• PROBLEM TO SOLVE:
With the pictures removed, write out the full listing below exactly.

• ENTRIES PROVIDED:
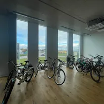 Ruumis on ühtse juhtimisega radiaatorküte (linna keskküte) koos jahutusega (fan-coilid laes).
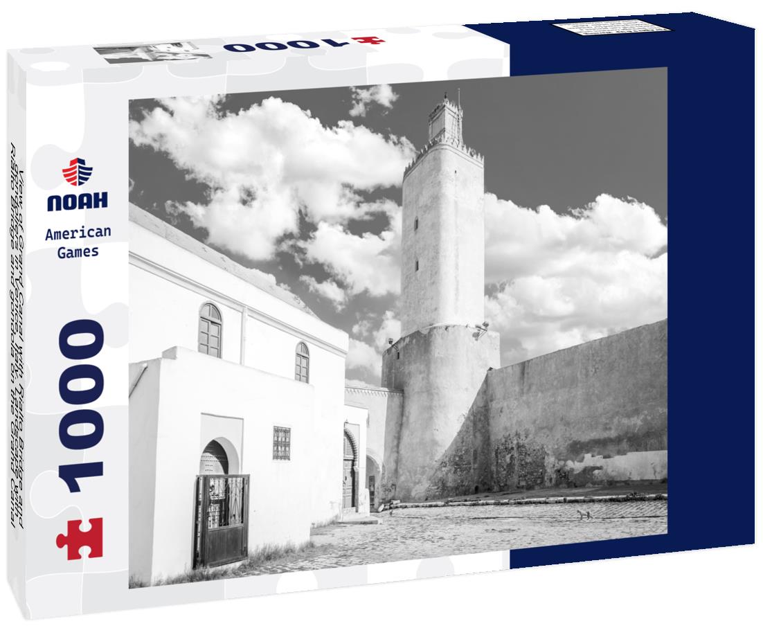 Noah Jigsaw Puzzle View of Grand Canal with Rialto Bridge and gondoliers in Venice, Italy. Landscape with Rialto Bridge and gondola on the Grand Canal in Venice, Italy in black white 1000 pieces
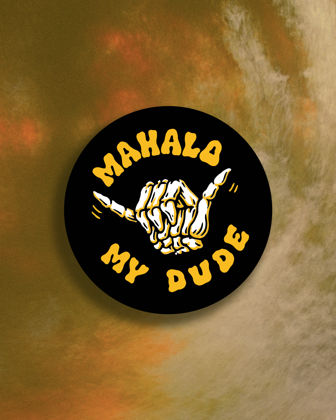 Mahalo My Dude Skeleton Shaka Circle Sticker
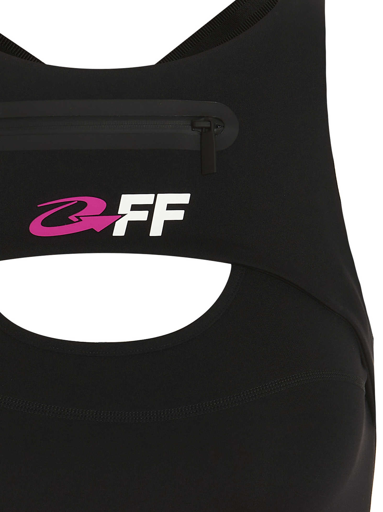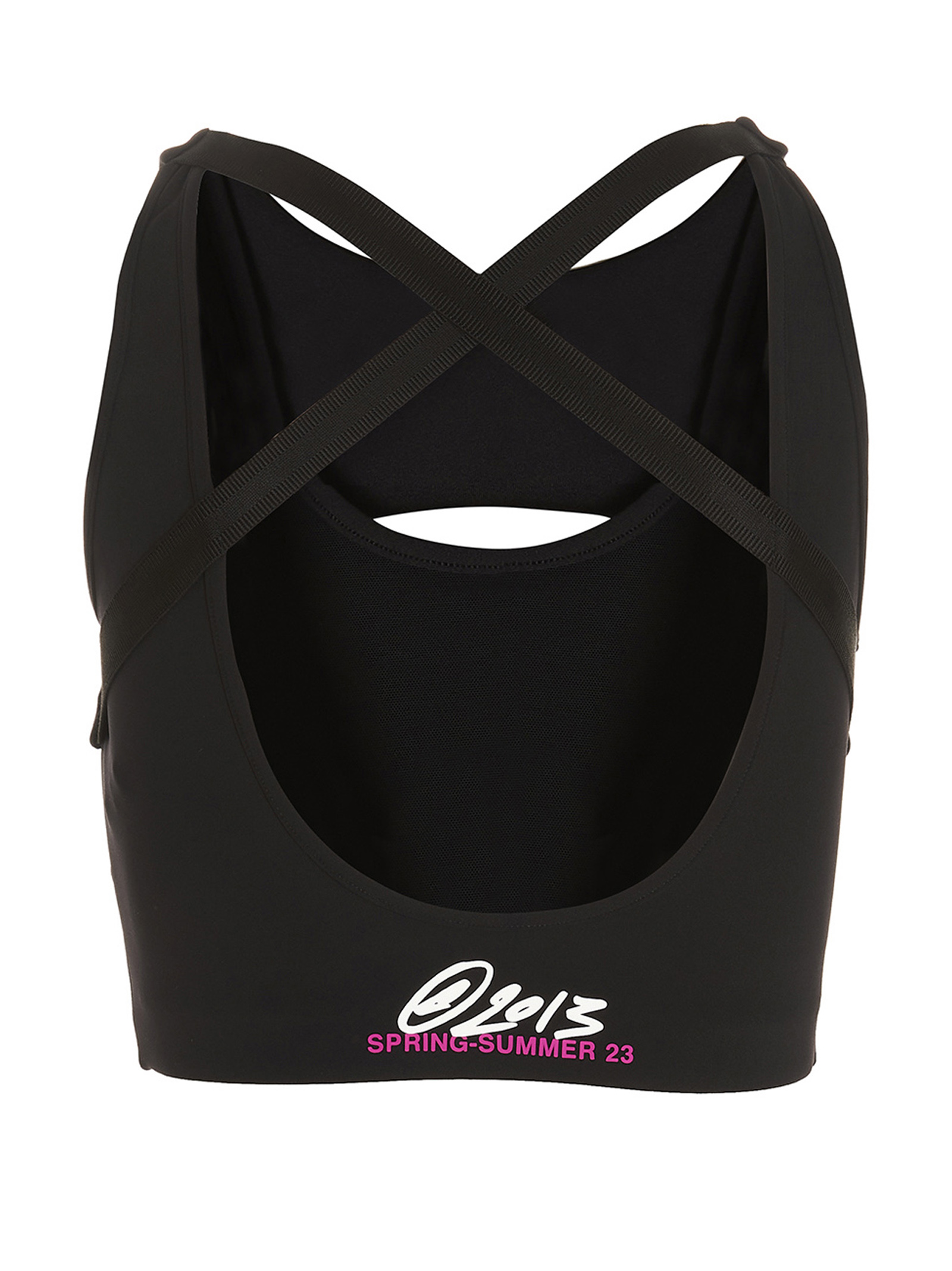 For run’ top in tech fabric with central cut out, crossed shoulder straps at the back, logo print and front zip detail.
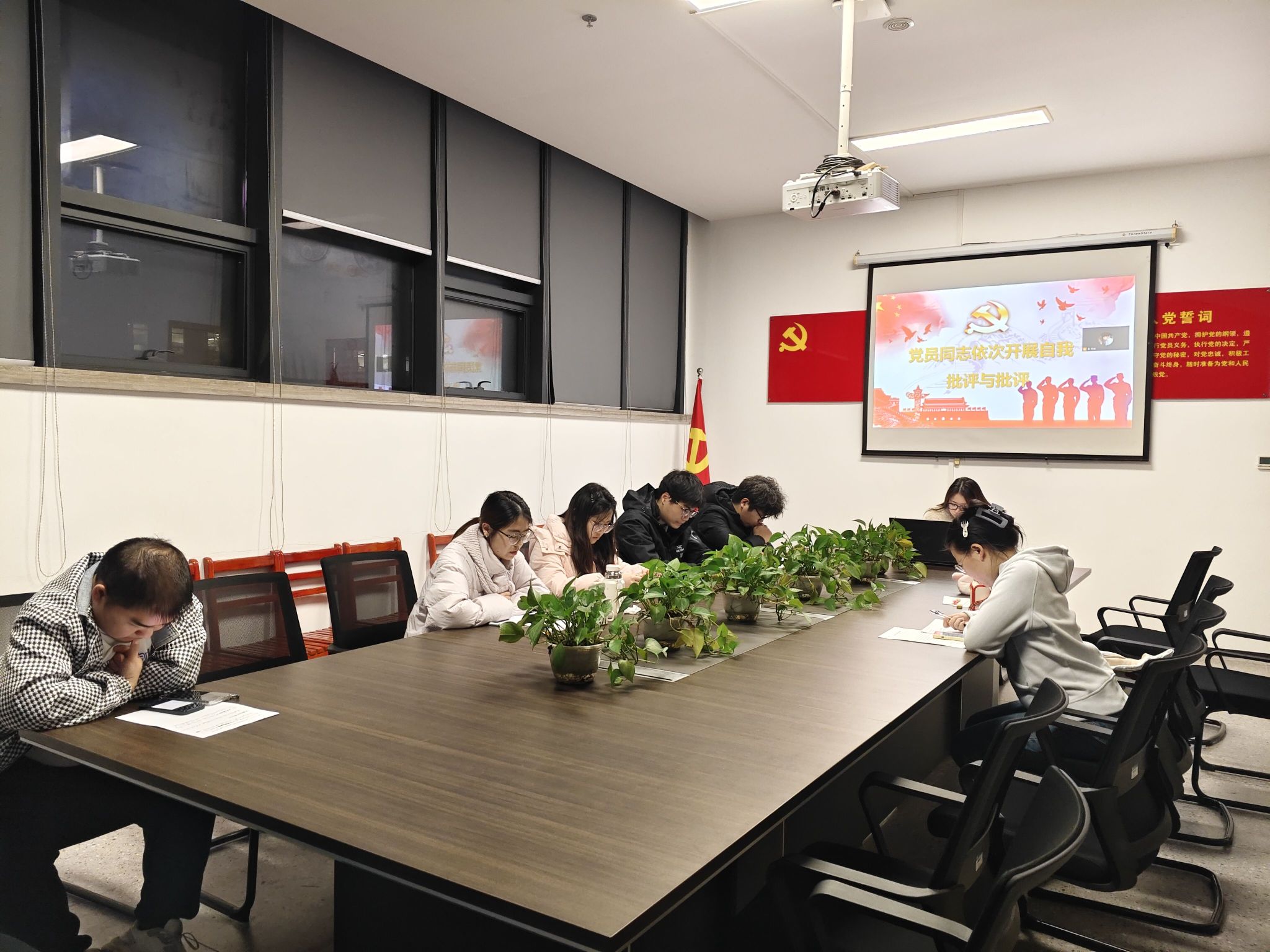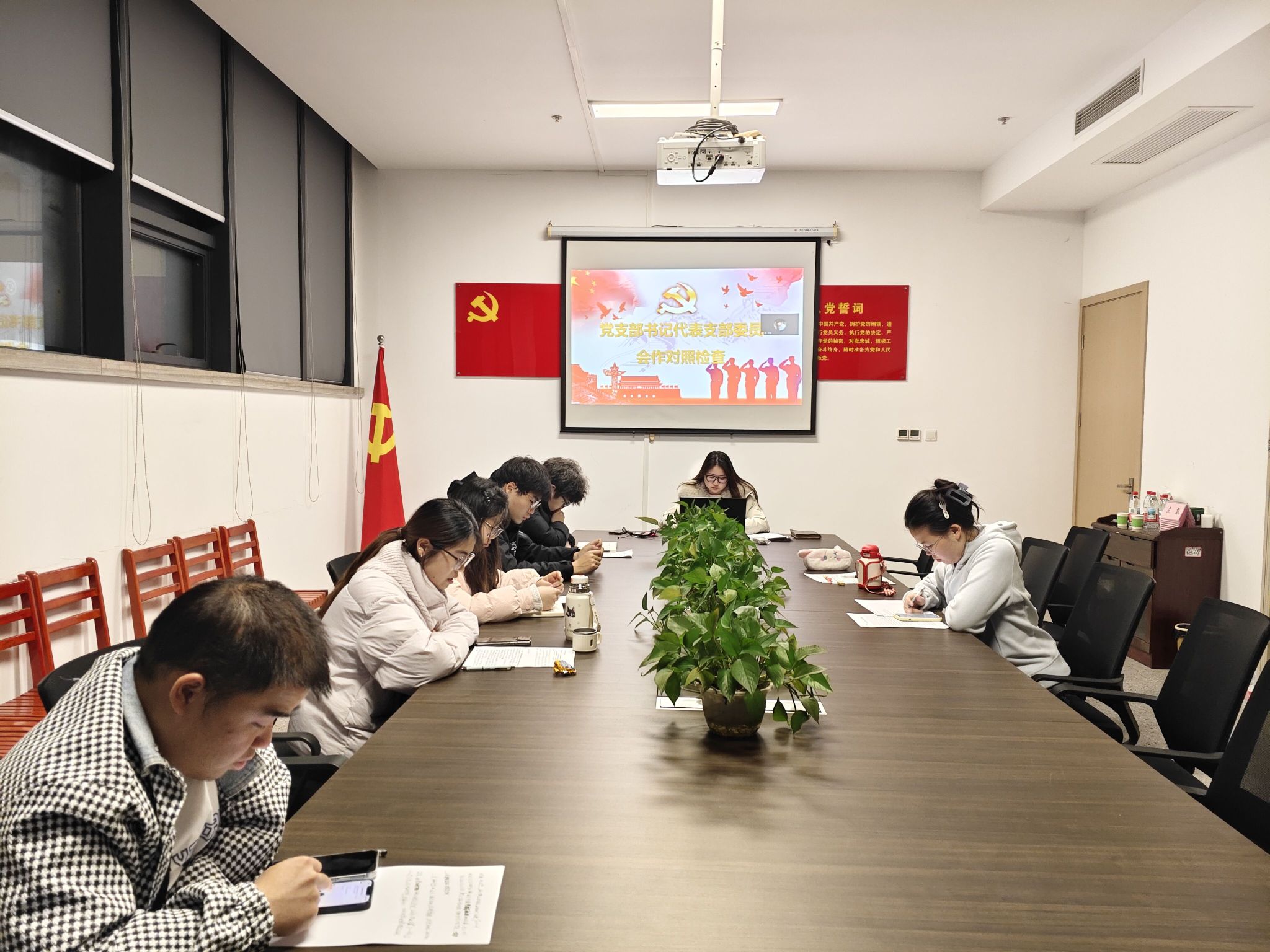 组织生活会阶段,燕梦蝶同志代表支部委员会作工作报告,全面回顾了过去一年党支部在学校党委领导下,扎实推进理论学习、主题活动、社会实践等各项工作取得的成效。她强调,全体党员要进一步凝心聚力,紧扣学校中心工作,持续为支部建设注入新动能。随后,全体党员逐一开展自我剖析,深入查摆自身在思想觉悟、理论学习、履职尽责等方面存在的差距与不足;与会党员本着实事求是、坦诚相见的原则,相互提出批评意见与改进建议。通过严肃认真的交流研讨,大家进一步明晰了整改方向,一致表示将以实际行动坚守初心、践行使命。民主评议党员环节,全体党员严格对照政治表现、学习工作、组织生活、遵纪守法、道德品行等评议标准,以无记名投票方式开展客观公正评价,充分彰显了党内民主监督的严肃性与规范性。最后,燕梦蝶同志作总结讲话。她指出,本次组织生活会是一次深刻的思想淬炼与政治历练。全体党员要以此次会议为契机,持续强化理论武装、锤炼党性修养、立足岗位担当作为,以更加饱满的精神状态,为推动学校高质量发展、贡献党的事业青春力量。
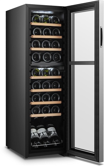 Dvě nezávislé duální teplotní zóny pro 27 láhví,elektronické ovládání s LED displejem a digitálním termostatem, 7x dřevěné police, Automatické odmrazování, Spotřeba 0,42 kWh/24h, Max. hlučnost do 47dB, Nastavitelné nožičky

• SOLUTION FOR THIS EXERCISE:
 Ruumis on ühtse juhtimisega radiaatorküte (linna keskküte) koos jahutusega (fan-coilid laes).
 Noah Jigsaw Puzzle View of Grand Canal with Rialto Bridge and gondoliers in Venice, Italy. Landscape with Rialto Bridge and gondola on the Grand Canal in Venice, Italy in black white 1000 pieces
 Mahalo My Dude Skeleton Shaka Circle Sticker
 For run’ top in tech fabric with central cut out, crossed shoulder straps at the back, logo print and front zip detail.
 组织生活会阶段,燕梦蝶同志代表支部委员会作工作报告,全面回顾了过去一年党支部在学校党委领导下,扎实推进理论学习、主题活动、社会实践等各项工作取得的成效。她强调,全体党员要进一步凝心聚力,紧扣学校中心工作,持续为支部建设注入新动能。随后,全体党员逐一开展自我剖析,深入查摆自身在思想觉悟、理论学习、履职尽责等方面存在的差距与不足;与会党员本着实事求是、坦诚相见的原则,相互提出批评意见与改进建议。通过严肃认真的交流研讨,大家进一步明晰了整改方向,一致表示将以实际行动坚守初心、践行使命。民主评议党员环节,全体党员严格对照政治表现、学习工作、组织生活、遵纪守法、道德品行等评议标准,以无记名投票方式开展客观公正评价,充分彰显了党内民主监督的严肃性与规范性。最后,燕梦蝶同志作总结讲话。她指出,本次组织生活会是一次深刻的思想淬炼与政治历练。全体党员要以此次会议为契机,持续强化理论武装、锤炼党性修养、立足岗位担当作为,以更加饱满的精神状态,为推动学校高质量发展、贡献党的事业青春力量。
 Dvě nezávislé duální teplotní zóny pro 27 láhví,elektronické ovládání s LED displejem a digitálním termostatem, 7x dřevěné police, Automatické odmrazování, Spotřeba 0,42 kWh/24h, Max. hlučnost do 47dB, Nastavitelné nožičky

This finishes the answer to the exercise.